Bokksu
- Company type: Private
- Industry: E-commerce
- Founded: 2015
- Founder: Danny Taing
- Products: Japanese snack subscription boxes, online grocery and marketplace services

= Bokksu =

Japanese snack subscription and e-commerce company

Bokksu is an e-commerce company that sells Japanese snack subscription boxes and operates related online retail services for Japanese and Asian food products. The company was founded by Danny Taing in 2015 and began selling monthly subscription boxes centered on Japanese snacks in 2016.

==History==
Taing founded Bokksu after living in Japan and returning to New York, where he saw an opportunity to sell Japanese snacks that were less commonly available in American stores. Fast Company reported that Bokksu launched its subscription service in 2016 with boxes containing snacks from different regions of Japan and printed material describing the snacks and their makers.

Bokksu expanded beyond subscription boxes with Bokksu Market in 2018 and Bokksu Grocery in 2021. In January 2022, TechCrunch reported that Bokksu had raised $22 million in Series A funding at a $100 million valuation, led by Valor Siren Ventures with participation from Company Ventures, St. Cousair, World Innovation Lab, Headline Asia and Gaingels.

In September 2023, Modern Retail reported that Bokksu had acquired Japan Crate, a competing Japanese snack subscription company. Terms of the transaction were not disclosed.
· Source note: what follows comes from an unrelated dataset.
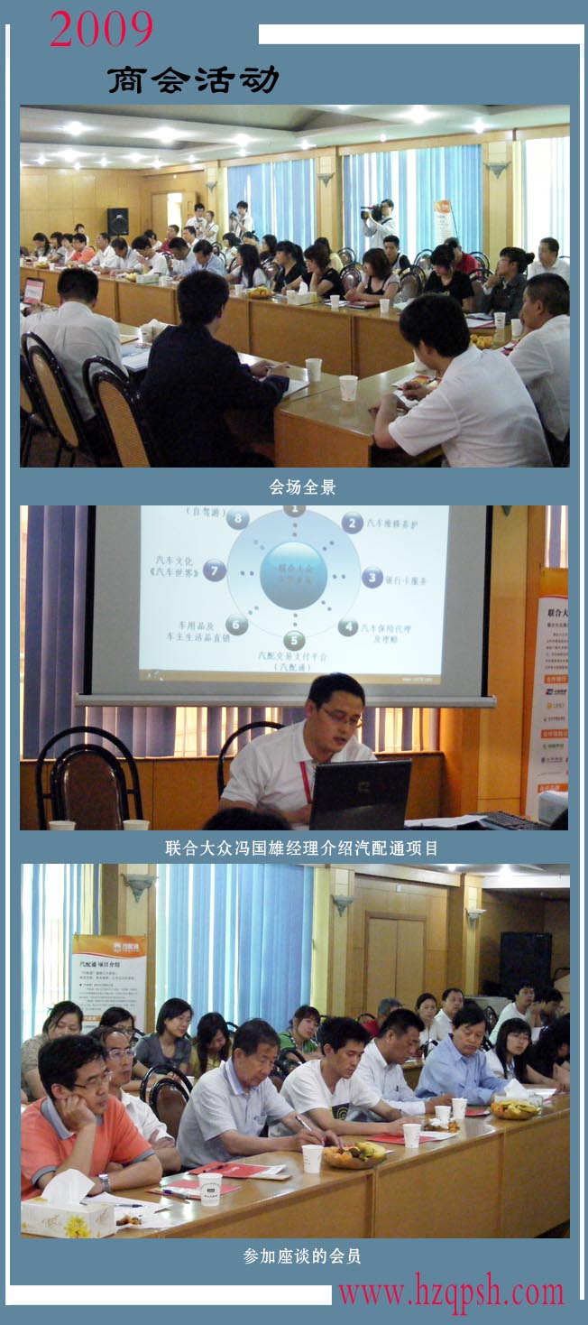 2009年5月8日杭州市汽車配件用品商會(huì)與杭州聯(lián)合大眾汽車網(wǎng)絡(luò)有限公司,在浙江汽配城會(huì)議室召開汽配通項(xiàng)目座談會(huì),參加會(huì)議的有聯(lián)合大眾公司主要成員及三十余位商會(huì)副會(huì)長(zhǎng)、常務(wù)理事、理事。

Modern Retail reported that Japan Crate sold through more than 5,000 retail locations in addition to its own website, and that Bokksu planned to keep Bokksu and Japan Crate operating as separate brands.

==Products and services==
Bokksu's original product was a monthly subscription box containing Japanese snacks, candies and tea pairings. Bon Appétit described the boxes as monthly shipments organized around changing themes, with written material about the family businesses and snack makers behind the items. Food & Wine reported in 2022 that Bokksu shipped more than 40,000 boxes per month to customers in 100 countries.
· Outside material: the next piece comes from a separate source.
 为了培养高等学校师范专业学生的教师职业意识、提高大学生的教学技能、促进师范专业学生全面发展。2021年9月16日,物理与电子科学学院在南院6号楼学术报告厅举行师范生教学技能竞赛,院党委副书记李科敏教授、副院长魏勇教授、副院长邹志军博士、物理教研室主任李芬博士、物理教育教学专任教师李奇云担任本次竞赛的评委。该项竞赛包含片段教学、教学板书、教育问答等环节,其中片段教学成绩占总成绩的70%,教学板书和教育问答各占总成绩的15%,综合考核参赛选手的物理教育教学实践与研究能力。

Bokksu Market was described by Food & Wine as an e-commerce marketplace for Japanese snacks and home decor. TechCrunch reported that Bokksu Grocery, opened in 2021, was an online grocery service for Asian food products.
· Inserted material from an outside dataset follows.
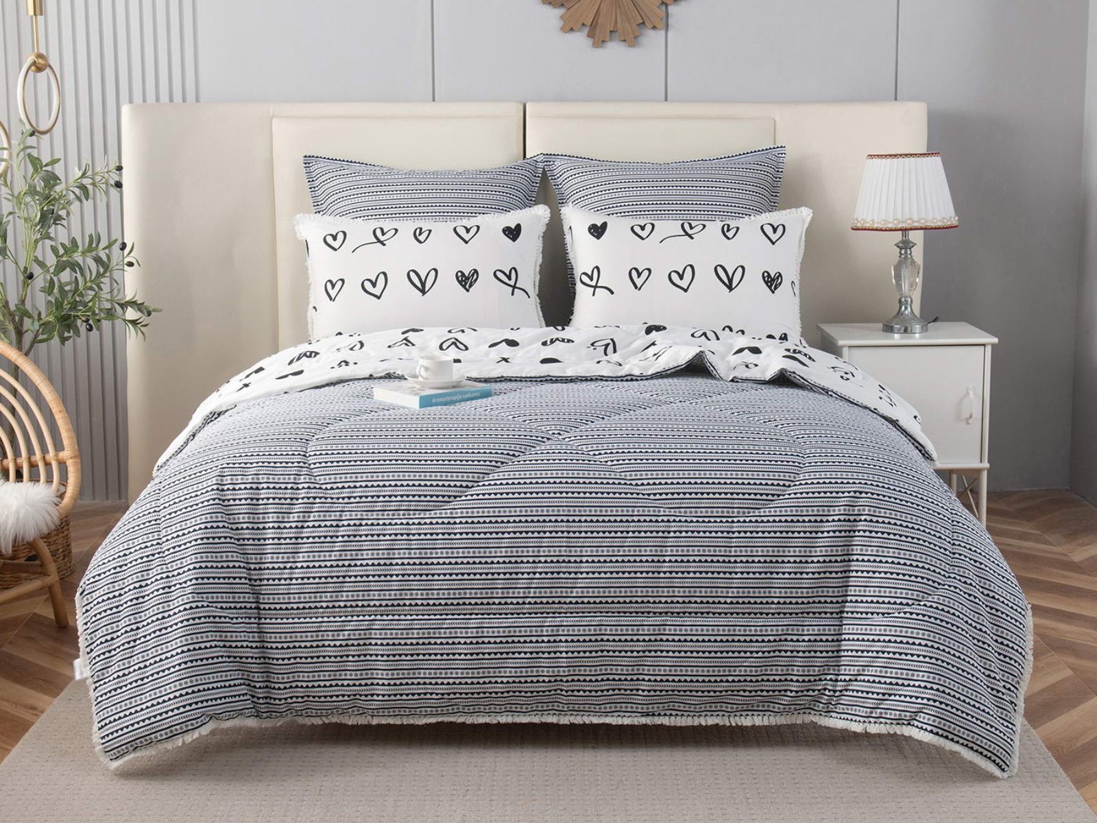 В комплекты комфортеров с одеялом Бернадетт входят наволочки, простыня и легкое всесезонное одеяло. Оцените это современное и очень удобное решение, которое идеально подходит тем, кто не любит возиться с пододеяльниками.

==Kit Kat shipment incident==
In November 2023, The New York Times reported on a shipment of 55,000 Japanese Kit Kats that Bokksu had imported for resale in the United States. The shipment had cost Bokksu $110,000, and the company expected about $250,000 in revenue from the products. According to the article, the shipment became tied up in what logistics experts described as a form of supply-chain fraud known as a fictitious pickup or strategic theft. Bokksu later filed a report with the Los Angeles County Sheriff's Department for insurance purposes, and the company's insurance claim was denied.